ENERGY industry stakeholders are pushing for energy independence to improve the country’s growing need for a stable and efficient energy supply.
In a recent Energy Smart Forum, which focused on the theme “Improving Efficiency in the Energy Generation and Distribution Sectors,” Senator Sherwin Gatchalian, Senate Energy Committee chairman, pointed to the shifting landscape in terms of energy.
He observed that at the onset of the pandemic, oil prices crashed to negative levels. “Big oil” around the world, he said, is transitioning to other forms of energy, specifically renewable energy (RE). “This is a signal that the long-term choice for energy will not be oil and gas but technologies in the renewable space,” Gatchalian said. “This is a signal that big oil is moving to big RE.”
Government, he said, is implementing and crafting essential laws that will help drive the transition from fossil fuels to RE faster. Among these are Republic Act (RA) No. 9153 the Renewable Energy Act of 2008; RA 11285, the Energy Efficiency and Conservation Act; and Senate Bill (SB) No. 1382, the Electric Vehicles and Charging Stations Act.
“The potential for RE is vast,” with a 31,000-megawatts (MW) capacity “that can power the country for next 15 years,” he added.
Aboitiz Power Corporation President Emmanuel Rubio named two important things in harnessing RE in order to bring about economic growth. The first is the creation of sound policies that will bring about investment, improve the supply chain, and upgrade the existing infrastructure. “Policy is the framework of energy industry. It is the primary governing law that dictates how everything works and how things flow from our sources of renewable energy,” he said.
The second mode is anchoring the march towards progress on a digital ecosystem. Aboitiz Power currently has a capacity of 4,300 MW, allowing them to address the 600 MW to 700 MW base demand in new capacity requirements.

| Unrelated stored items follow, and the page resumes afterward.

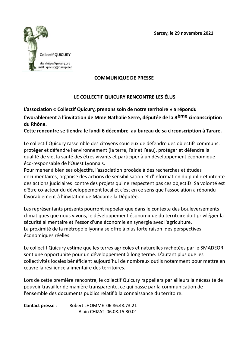 Lettre aux adhérent-es et sympathisant-es du Collectif Quicury "Prenons soin de notre Territoire"
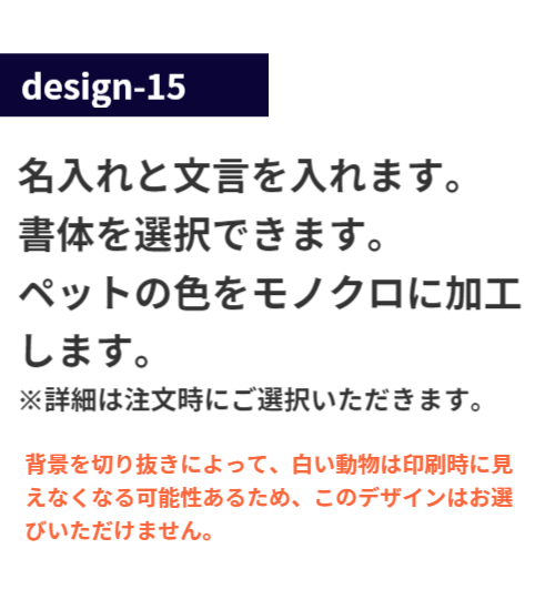 ・著作権を侵害するデザインについては取り扱いできませんのでご了承ください。※書体に関して、弊社が契約している書体以外の書体は書体名を指定していただいてもご利用いただけません。文字の画像をご用意ください。文字の著作権にご注意ください。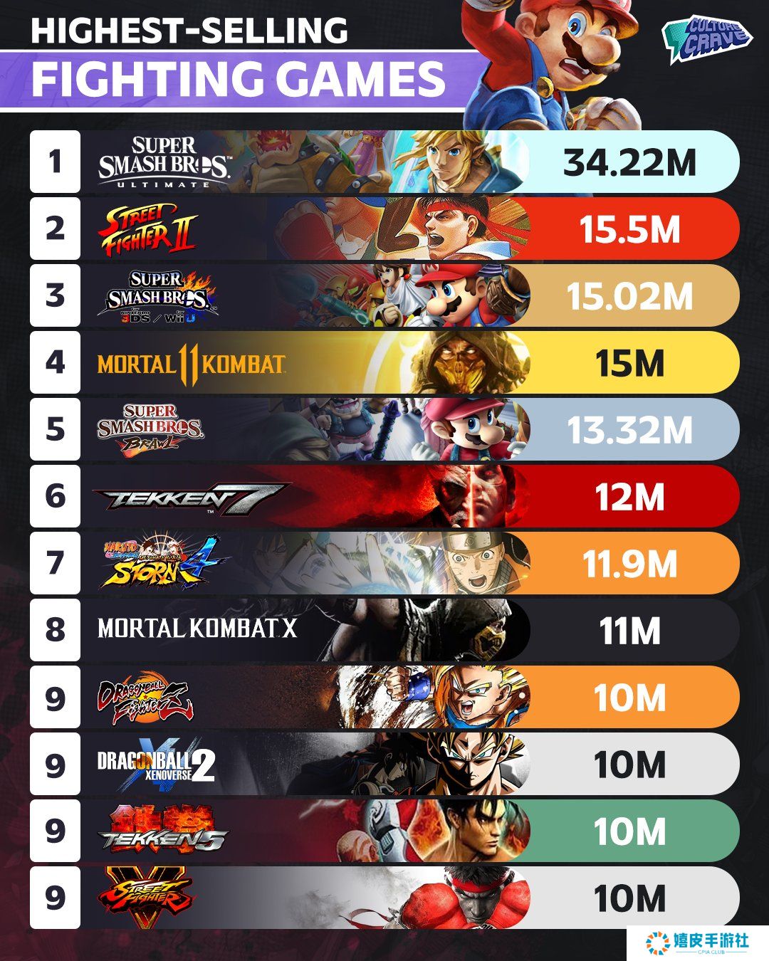 如下文所示,《任天堂明星大乱斗特别版》以超过3500万份的销量在格斗游戏品类的销售排行榜上占据主导地位。这一销量远远超过了排名第二的游戏,而排名第二的恰好是有史以来最具标志性的格斗游戏之一——《街头霸王2》。然而,只需再往下看一个名次,就能看到任天堂旗下该系列的另一款游戏,而且它还占据了第五的位置!
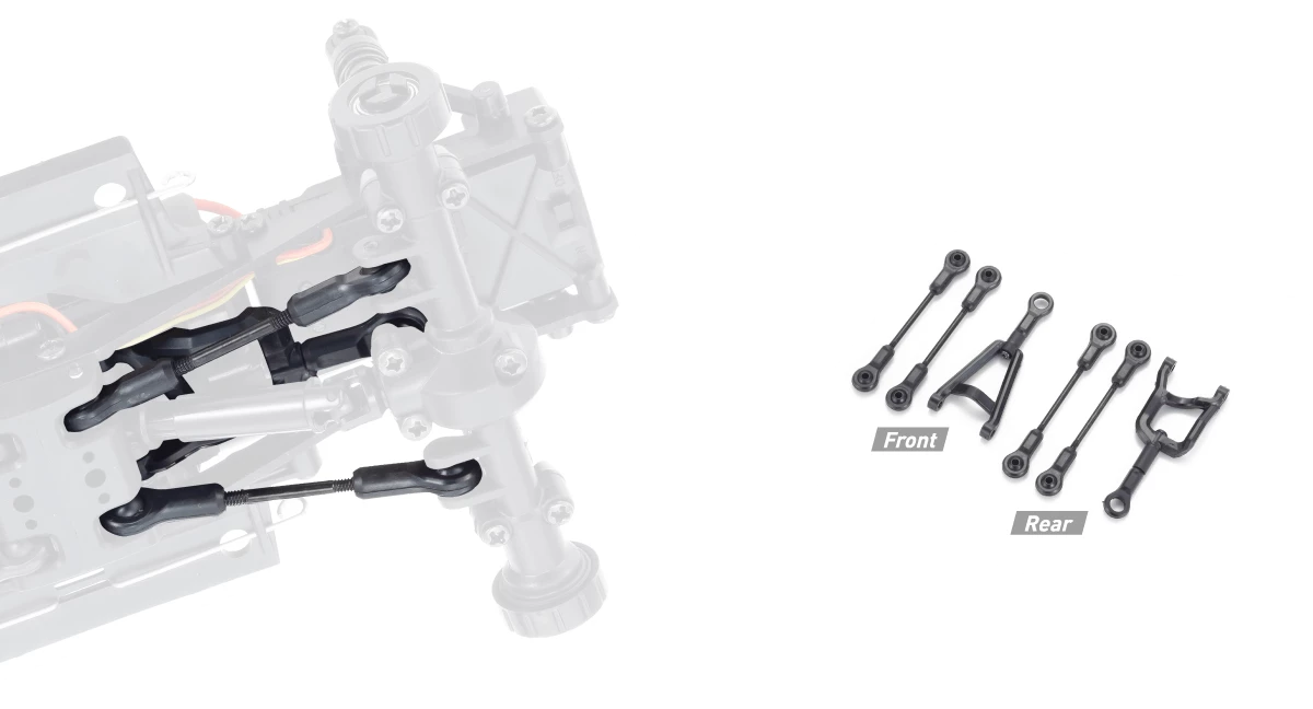 The steering servo drag link and the rugged molded tie rod are part of a steering system that delivers an incredible amount of steering angle, which results in excellent rock crawling capability.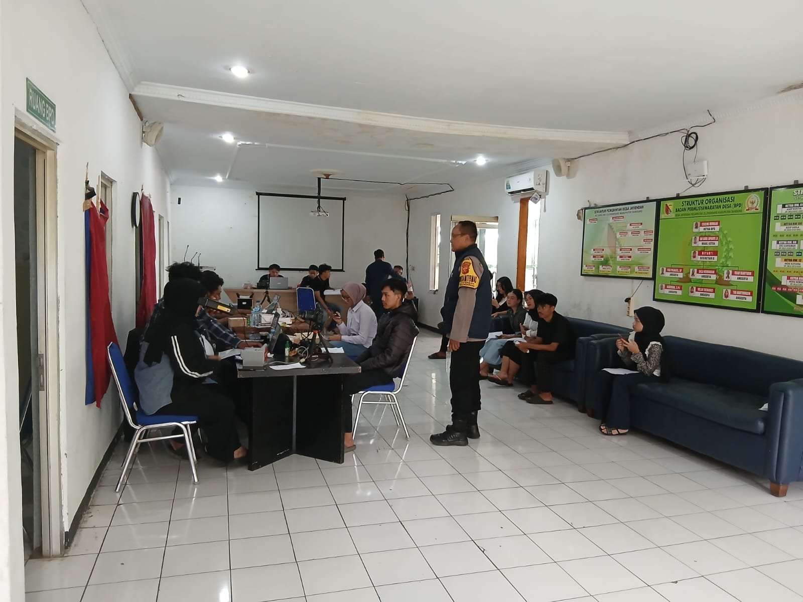 Aiptu Robi Mahrom terlihat aktif berkoordinasi dengan perangkat desa dan petugas pelayanan, sekaligus menyapa warga yang sedang menunggu antrean. Ia memastikan alur pelayanan berjalan sesuai prosedur serta mengimbau masyarakat agar tetap menjaga ketertiban selama proses perekaman berlangsung.

“We have made steps towards digitization, and invested in technology that has allowed us to maintain facilities remotely. Digital tools keep teams engaged and investments have allowed businesses to move smoothly,” said Rubio.
Meanwhile, ABB Inc. Technical Design and Promotion Manager Jerico Medel likewise discussed digitalization as the key to efficient energy distribution, with the “smart grid” as a solution to overcoming logistical challenges, while providing improved operational efficiency, lowering operating costs, increasing system reliability, while improving the quality of service to customers.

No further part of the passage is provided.